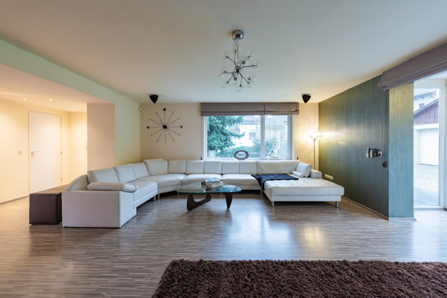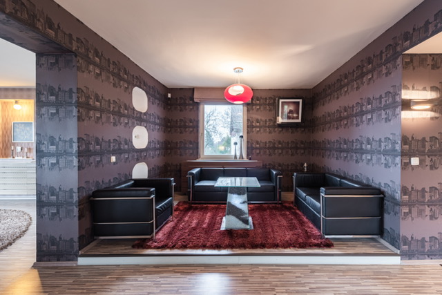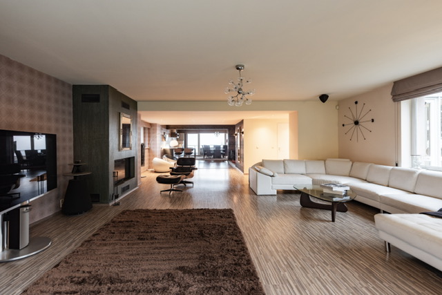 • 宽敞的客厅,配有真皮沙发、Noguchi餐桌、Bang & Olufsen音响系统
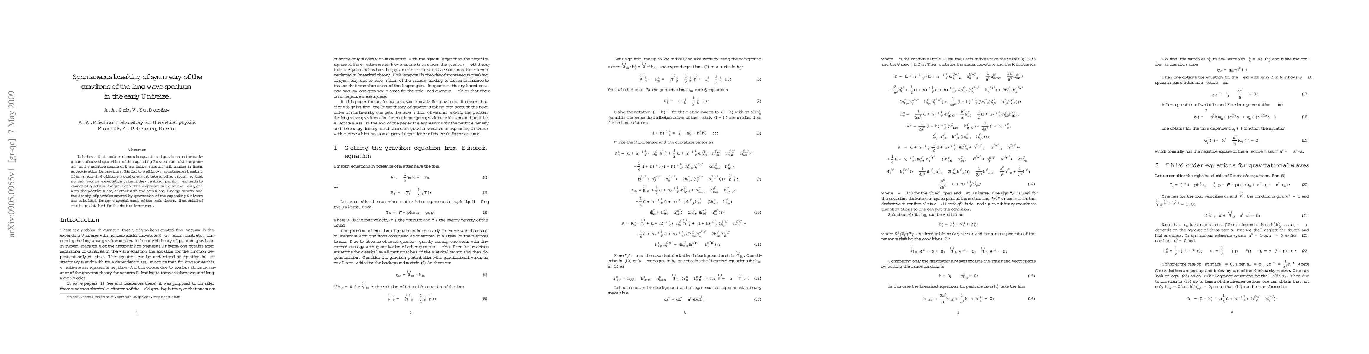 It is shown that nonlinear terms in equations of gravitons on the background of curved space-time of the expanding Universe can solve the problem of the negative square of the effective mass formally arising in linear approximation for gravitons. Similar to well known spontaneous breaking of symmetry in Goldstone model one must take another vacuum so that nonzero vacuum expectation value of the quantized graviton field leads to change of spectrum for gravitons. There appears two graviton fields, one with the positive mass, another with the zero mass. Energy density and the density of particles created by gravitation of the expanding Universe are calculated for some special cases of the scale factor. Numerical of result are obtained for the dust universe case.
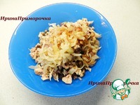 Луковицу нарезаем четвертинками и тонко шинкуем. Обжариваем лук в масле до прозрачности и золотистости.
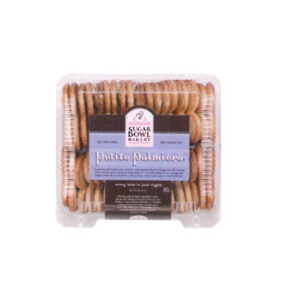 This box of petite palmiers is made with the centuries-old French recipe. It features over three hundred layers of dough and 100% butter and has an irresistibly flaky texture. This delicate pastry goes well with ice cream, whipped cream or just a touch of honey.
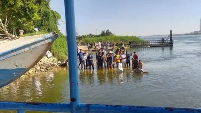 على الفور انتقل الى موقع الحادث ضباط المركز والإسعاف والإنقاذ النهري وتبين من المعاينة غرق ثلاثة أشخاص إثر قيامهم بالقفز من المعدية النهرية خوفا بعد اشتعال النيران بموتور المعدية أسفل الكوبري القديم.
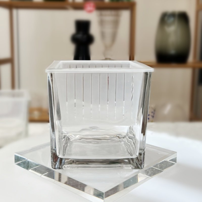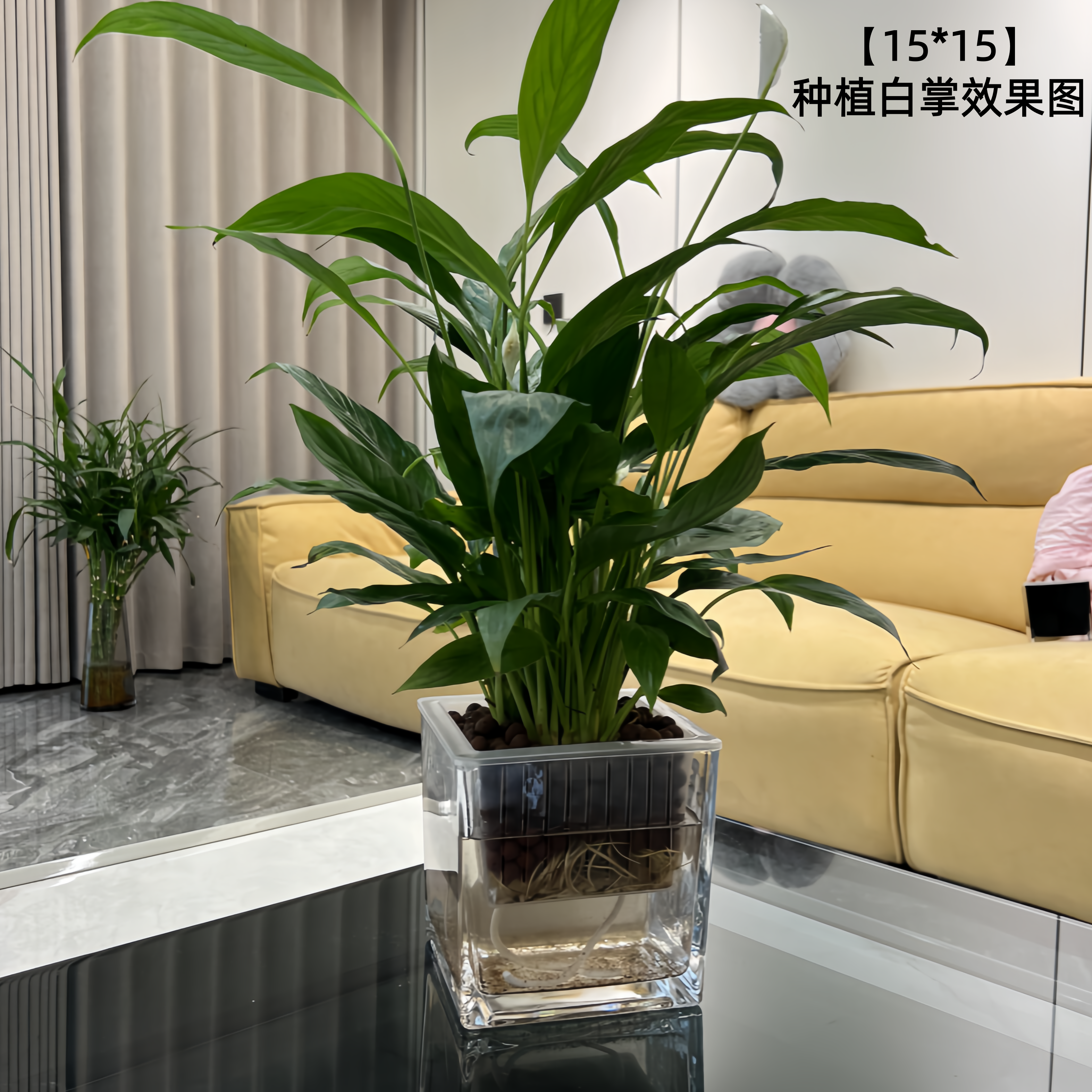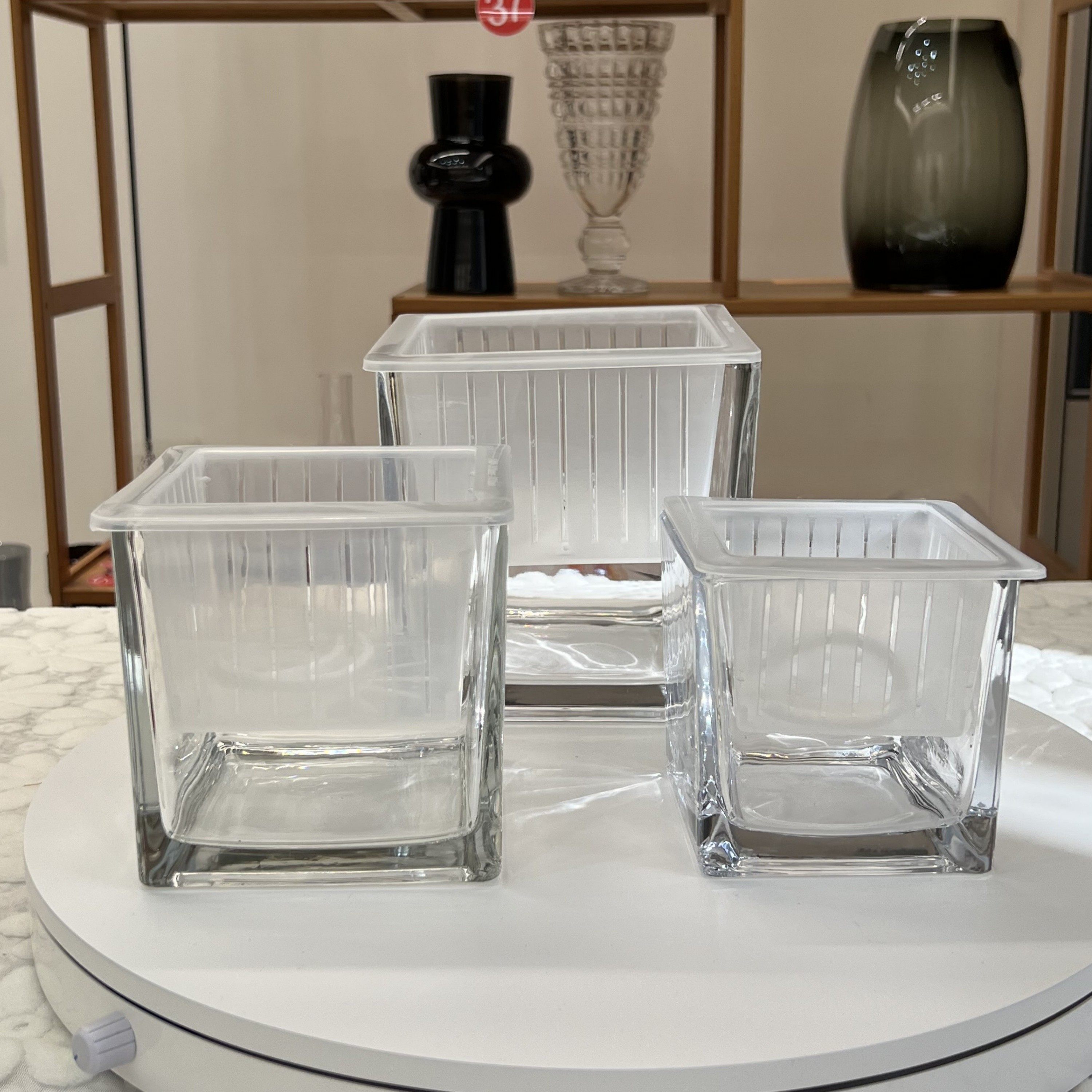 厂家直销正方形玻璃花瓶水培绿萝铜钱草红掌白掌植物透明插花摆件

[ACTIVITY]
This exercise needs every entry retyped exactly, with the pictures removed.

[REPLY TO THE EXERCISE]
 • 宽敞的客厅,配有真皮沙发、Noguchi餐桌、Bang & Olufsen音响系统
 It is shown that nonlinear terms in equations of gravitons on the background of curved space-time of the expanding Universe can solve the problem of the negative square of the effective mass formally arising in linear approximation for gravitons. Similar to well known spontaneous breaking of symmetry in Goldstone model one must take another vacuum so that nonzero vacuum expectation value of the quantized graviton field leads to change of spectrum for gravitons. There appears two graviton fields, one with the positive mass, another with the zero mass. Energy density and the density of particles created by gravitation of the expanding Universe are calculated for some special cases of the scale factor. Numerical of result are obtained for the dust universe case.
 Луковицу нарезаем четвертинками и тонко шинкуем. Обжариваем лук в масле до прозрачности и золотистости.
 This box of petite palmiers is made with the centuries-old French recipe. It features over three hundred layers of dough and 100% butter and has an irresistibly flaky texture. This delicate pastry goes well with ice cream, whipped cream or just a touch of honey.
 على الفور انتقل الى موقع الحادث ضباط المركز والإسعاف والإنقاذ النهري وتبين من المعاينة غرق ثلاثة أشخاص إثر قيامهم بالقفز من المعدية النهرية خوفا بعد اشتعال النيران بموتور المعدية أسفل الكوبري القديم.
 厂家直销正方形玻璃花瓶水培绿萝铜钱草红掌白掌植物透明插花摆件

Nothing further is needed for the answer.